[Stored data entries]
____________
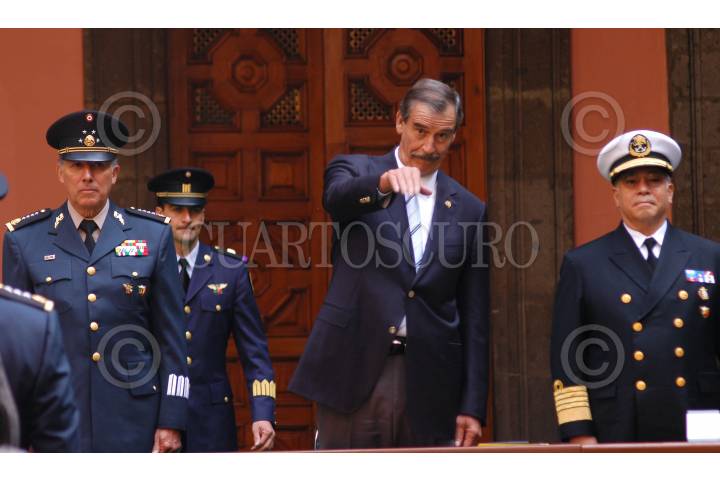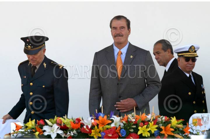 MÈXICO, D.F. 20NOVIEMBRE2005.- El secretario de la Defencas Nacional, Ricardo Clemente Vega; el presidente Vicente Fox y el Secreatrio de Marina , Marco Antonio Peyrot durante la ceremonio de entrega de condecoracoines a elementos de la armada de Mèxico. FOTO: Miriam Sánchez/CUARTOSCURO.COM
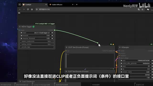 但我猜很多时候你在web u i里的绘图提示词都不是自己写的。除了网站上抄的,还有通过tag一类的插件反推出来的对吧?对于很多资深用户而言,tiger是工作流里必不可少的一环。巧的是conf e i里也有tag节点,就是出自刚刚这个custom script的作者大佬之手,用图片加载器给它输入一张图片,它就可以在运行工作流的过程中智能反推提示词,然后再把提示词输出给后续的节点。注意反推需要下载一些额外的模型,如果自动下载失败,你可以手动将它们下载并改名,放进节点文件夹的对应位置,具体请参考教程的资料页。但你注意到了吗?这个输出的提示词格式有点特别,叫做字符串,好像没法直接怼进clip或者正负面。提示词的接口里,那怎么用它来生成呢?仔细看,我们右键单击一下输入提示词的这个clip编码器框,在选项里有一个转换为输入的选项,它可以把节点上那些需要通过手动设置或者输入的选项单独转换为一个接口,从而让它具备接收外部信息的能力。点下去以后,那个可以输入的文本框就不见了,但多了一个文本接口,再尝试连一下字符串是不是就可以进来了当你解锁了这个玩法以后,你会发现写提示词好像就没有那么困难了。但我很喜欢的一个节点叫做自动负面提示词。词可以用来生成负面质量的提示了。这个节点用类似的方法接近负面词的文本端口里,你将增强负面参数调成一,你就可以实现全自动化的提提示词运作了。
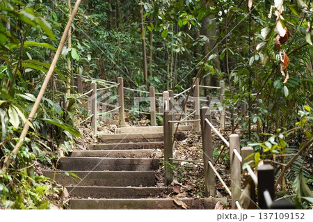 Lush Tropical Forest Path Steps and Green Foliage
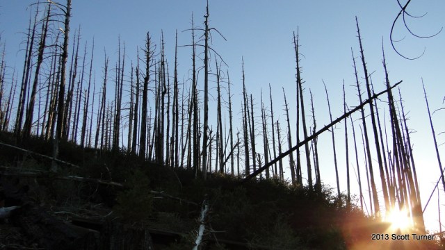 After years of die-off, the forests of San Diego County, especially those of Cuyamaca State Park, began to resemble logs sitting atop more logs sitting atop kindling. Dry conditions and Santa Ana winds created conditions for a catastrophic fire, and the forest was ready to burn. Initially, the Cedar Fire burned west, fueled by hot, dry easterly winds. However, the winds reversed directions in the later stages of the fire, driving the fire directly towards the Laguna Mountains, of which Cuyamaca lies in the center.
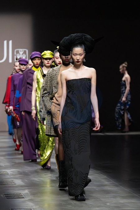 Hui - Models On Catwalk during Paris Fashion Week 2024 For Fall Winter Fashion Show.Woman Women, Defile, Fashion Show Runway Collection, Pret A Porter, Modelwear, Modeschau Laufsteg FranceModel, Fashion, Style, Look, Fashion Show, Runway, Catwalk, Credit:www.fashionpps.com / Avalon
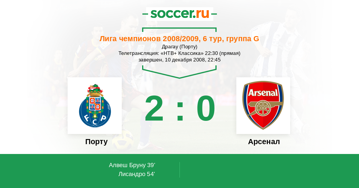 Протокол матча Порту против Арсенал
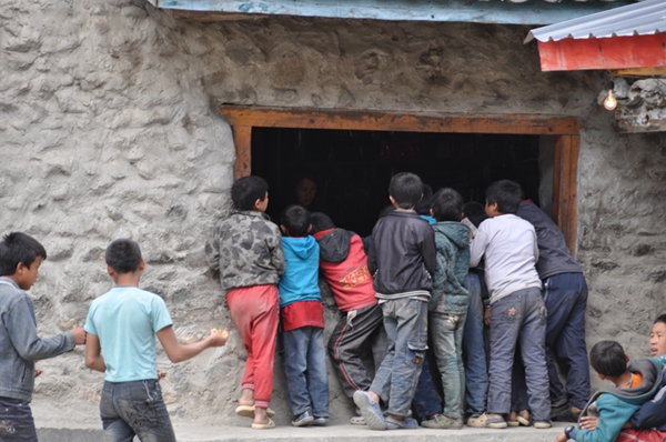 开始俄碧家访发助学金......孩子们一直跟着我们直到走完最后一家...... 2FV@ ?x0po
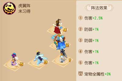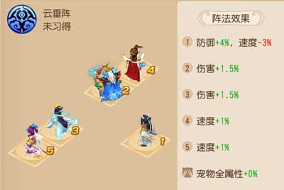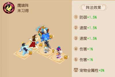 鷹嘯陣(1防2速2傷):效果與云垂陣相似,比較綜合的陣法,適合輔助或治療職業。
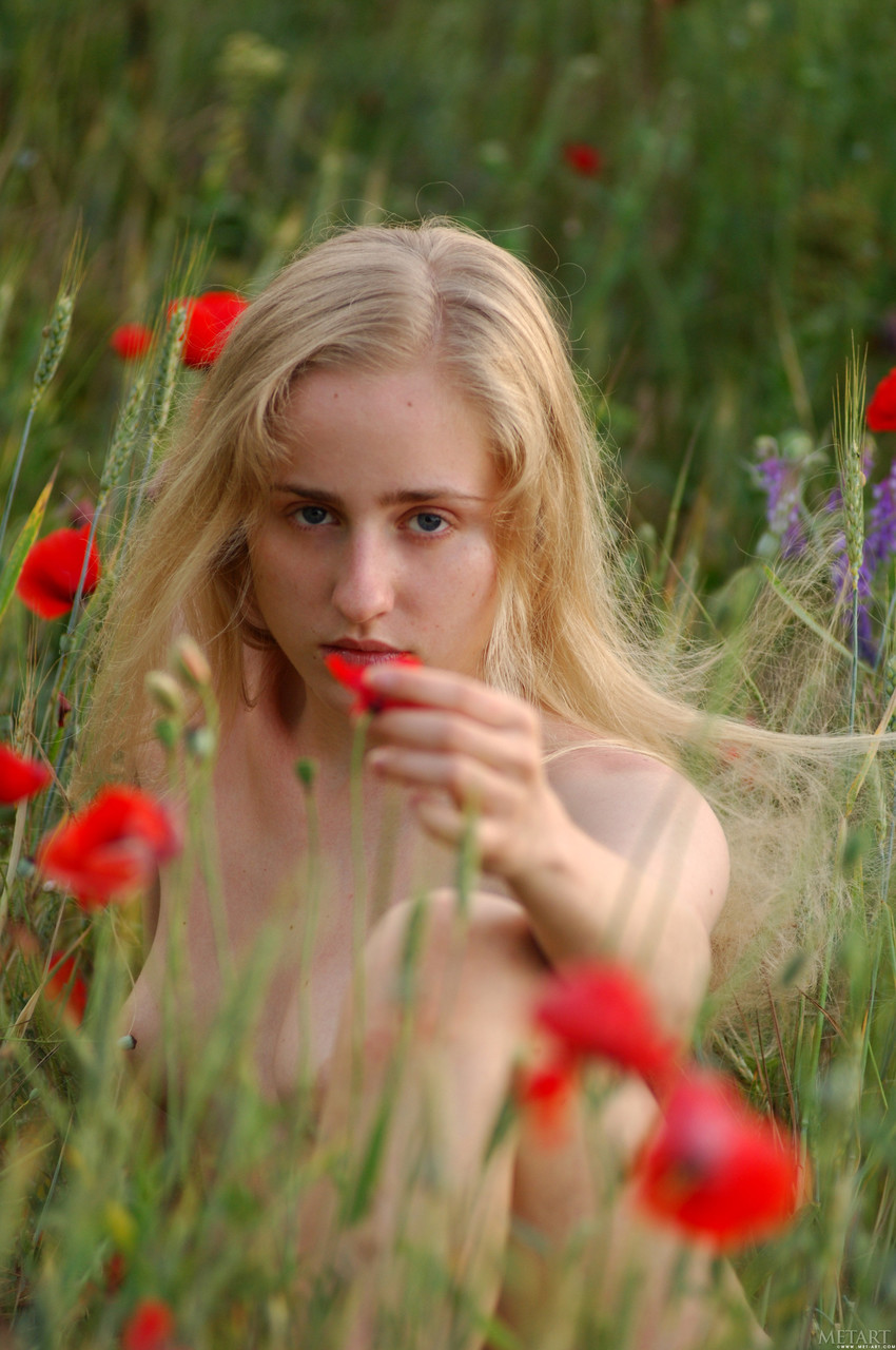 Pale blonde European teen Vera E strips outdoors, spreading shaved pussy in glamour shoot for Met Art. Petite blonde babe flaunts skinny body and natural teen pussy.
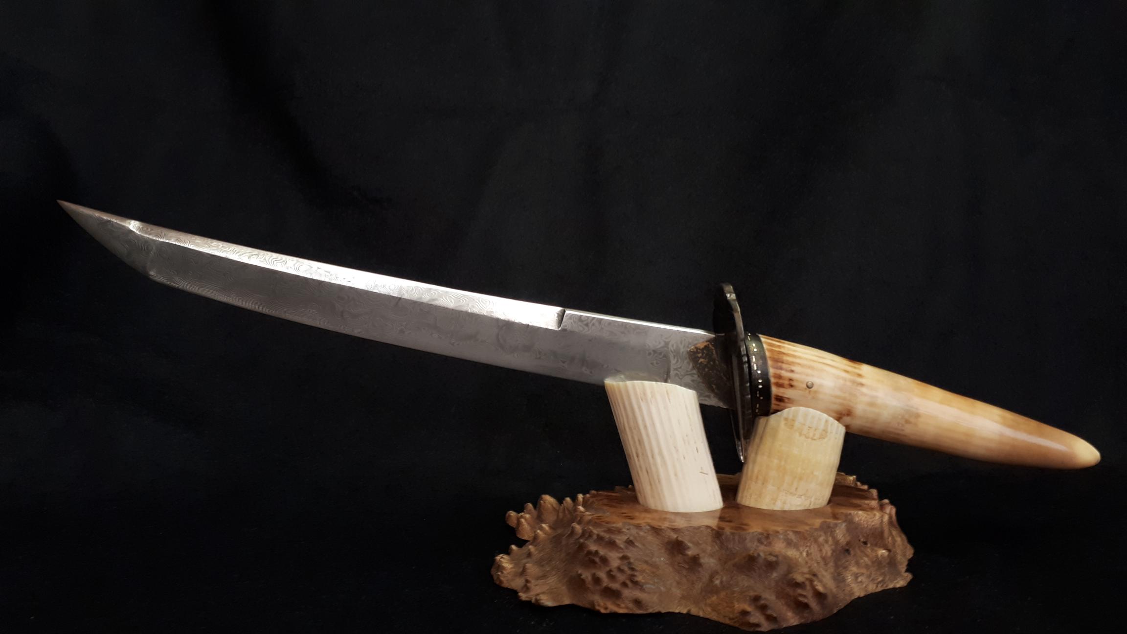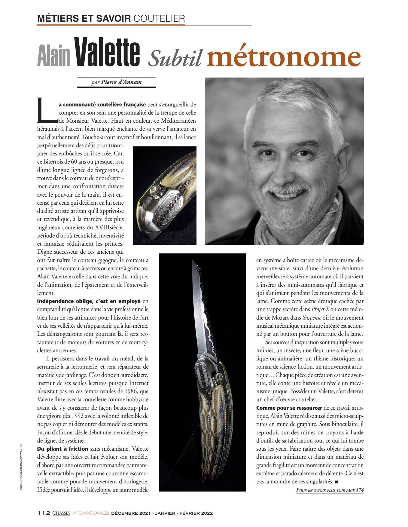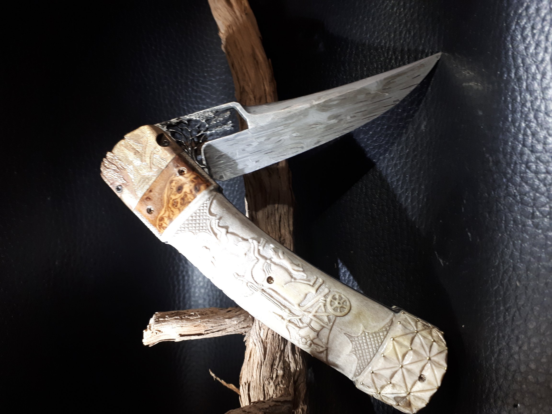 Un ami passionné de modélisme m’a lancé le défi de réaliser un couteau ayant un rapport avec son hobby. L’hélice nous a semblé l’élément le plus significatif d’un avion. Véritables sculptures taillées dans la masse, cet élément essentiel m’a inspiré pour cette création.
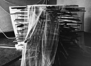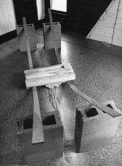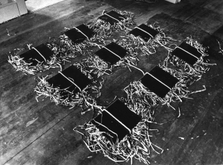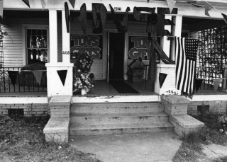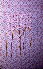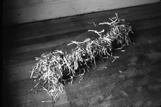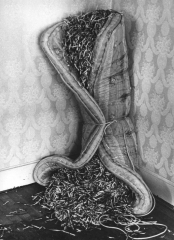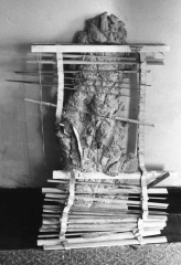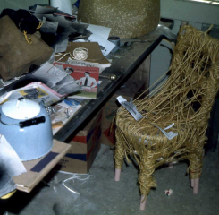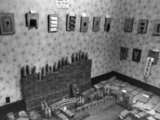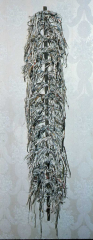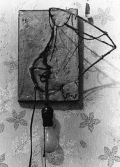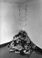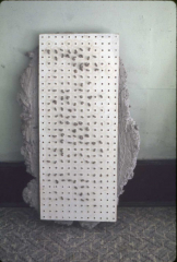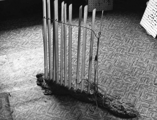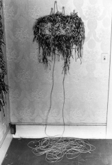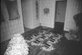 Bob Manley, a professor at Murray State, and I discovered a two story house located next to the campus of Murray State. It was going to be torn down so we requested permission to use it as a gallery until that point. We begin my gathering materials from all over the community and storing them at the house. From there we created themes for individual rooms and halls eventually filling the whole house with 3-D work. One room was shaped insulation, another had a dirt floor filled with assorted individual works using glass, cotton and rocks, another was totally full of artificial flowers. We used whatever we found. You get the idea. We sold individual pieces from the exhibit and plaque room by best offer. Work that didn’t sell was just left for the demolition equipment. We had a blast doing it!
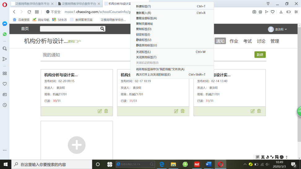 线上教学组织:通过学习通和微信等线上教学工具进行教学任务和通知下发,针对教学高峰期平台故障做好预案,采用腾讯视频会议与学习通同步教学,同时将全班同学分成4组并建立微信群,开展组内小范围教学与交流讨论。
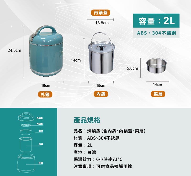 材質:ABS、304不鏽鋼尺寸外鍋19cm*19cm*H24.5cm內鍋 15cm*15cm*H14cm內鍋蓋直徑 13.8cm菜層 14cm*14cm*H5.8cm容量 2L
____________
- Aim of the task -
Set all of the records down once more, letter for letter, with the images removed.

- Answer space -
 MÈXICO, D.F. 20NOVIEMBRE2005.- El secretario de la Defencas Nacional, Ricardo Clemente Vega; el presidente Vicente Fox y el Secreatrio de Marina , Marco Antonio Peyrot durante la ceremonio de entrega de condecoracoines a elementos de la armada de Mèxico. FOTO: Miriam Sánchez/CUARTOSCURO.COM
 但我猜很多时候你在web u i里的绘图提示词都不是自己写的。除了网站上抄的,还有通过tag一类的插件反推出来的对吧?对于很多资深用户而言,tiger是工作流里必不可少的一环。巧的是conf e i里也有tag节点,就是出自刚刚这个custom script的作者大佬之手,用图片加载器给它输入一张图片,它就可以在运行工作流的过程中智能反推提示词,然后再把提示词输出给后续的节点。注意反推需要下载一些额外的模型,如果自动下载失败,你可以手动将它们下载并改名,放进节点文件夹的对应位置,具体请参考教程的资料页。但你注意到了吗?这个输出的提示词格式有点特别,叫做字符串,好像没法直接怼进clip或者正负面。提示词的接口里,那怎么用它来生成呢?仔细看,我们右键单击一下输入提示词的这个clip编码器框,在选项里有一个转换为输入的选项,它可以把节点上那些需要通过手动设置或者输入的选项单独转换为一个接口,从而让它具备接收外部信息的能力。点下去以后,那个可以输入的文本框就不见了,但多了一个文本接口,再尝试连一下字符串是不是就可以进来了当你解锁了这个玩法以后,你会发现写提示词好像就没有那么困难了。但我很喜欢的一个节点叫做自动负面提示词。词可以用来生成负面质量的提示了。这个节点用类似的方法接近负面词的文本端口里,你将增强负面参数调成一,你就可以实现全自动化的提提示词运作了。
 Lush Tropical Forest Path Steps and Green Foliage
 After years of die-off, the forests of San Diego County, especially those of Cuyamaca State Park, began to resemble logs sitting atop more logs sitting atop kindling. Dry conditions and Santa Ana winds created conditions for a catastrophic fire, and the forest was ready to burn. Initially, the Cedar Fire burned west, fueled by hot, dry easterly winds. However, the winds reversed directions in the later stages of the fire, driving the fire directly towards the Laguna Mountains, of which Cuyamaca lies in the center.
 Hui - Models On Catwalk during Paris Fashion Week 2024 For Fall Winter Fashion Show.Woman Women, Defile, Fashion Show Runway Collection, Pret A Porter, Modelwear, Modeschau Laufsteg FranceModel, Fashion, Style, Look, Fashion Show, Runway, Catwalk, Credit:www.fashionpps.com / Avalon
 Протокол матча Порту против Арсенал
 开始俄碧家访发助学金......孩子们一直跟着我们直到走完最后一家...... 2FV@ ?x0po
 鷹嘯陣(1防2速2傷):效果與云垂陣相似,比較綜合的陣法,適合輔助或治療職業。
 Pale blonde European teen Vera E strips outdoors, spreading shaved pussy in glamour shoot for Met Art. Petite blonde babe flaunts skinny body and natural teen pussy.
 Un ami passionné de modélisme m’a lancé le défi de réaliser un couteau ayant un rapport avec son hobby. L’hélice nous a semblé l’élément le plus significatif d’un avion. Véritables sculptures taillées dans la masse, cet élément essentiel m’a inspiré pour cette création.
 Bob Manley, a professor at Murray State, and I discovered a two story house located next to the campus of Murray State. It was going to be torn down so we requested permission to use it as a gallery until that point. We begin my gathering materials from all over the community and storing them at the house. From there we created themes for individual rooms and halls eventually filling the whole house with 3-D work. One room was shaped insulation, another had a dirt floor filled with assorted individual works using glass, cotton and rocks, another was totally full of artificial flowers. We used whatever we found. You get the idea. We sold individual pieces from the exhibit and plaque room by best offer. Work that didn’t sell was just left for the demolition equipment. We had a blast doing it!
 线上教学组织:通过学习通和微信等线上教学工具进行教学任务和通知下发,针对教学高峰期平台故障做好预案,采用腾讯视频会议与学习通同步教学,同时将全班同学分成4组并建立微信群,开展组内小范围教学与交流讨论。
 材質:ABS、304不鏽鋼尺寸外鍋19cm*19cm*H24.5cm內鍋 15cm*15cm*H14cm內鍋蓋直徑 13.8cm菜層 14cm*14cm*H5.8cm容量 2L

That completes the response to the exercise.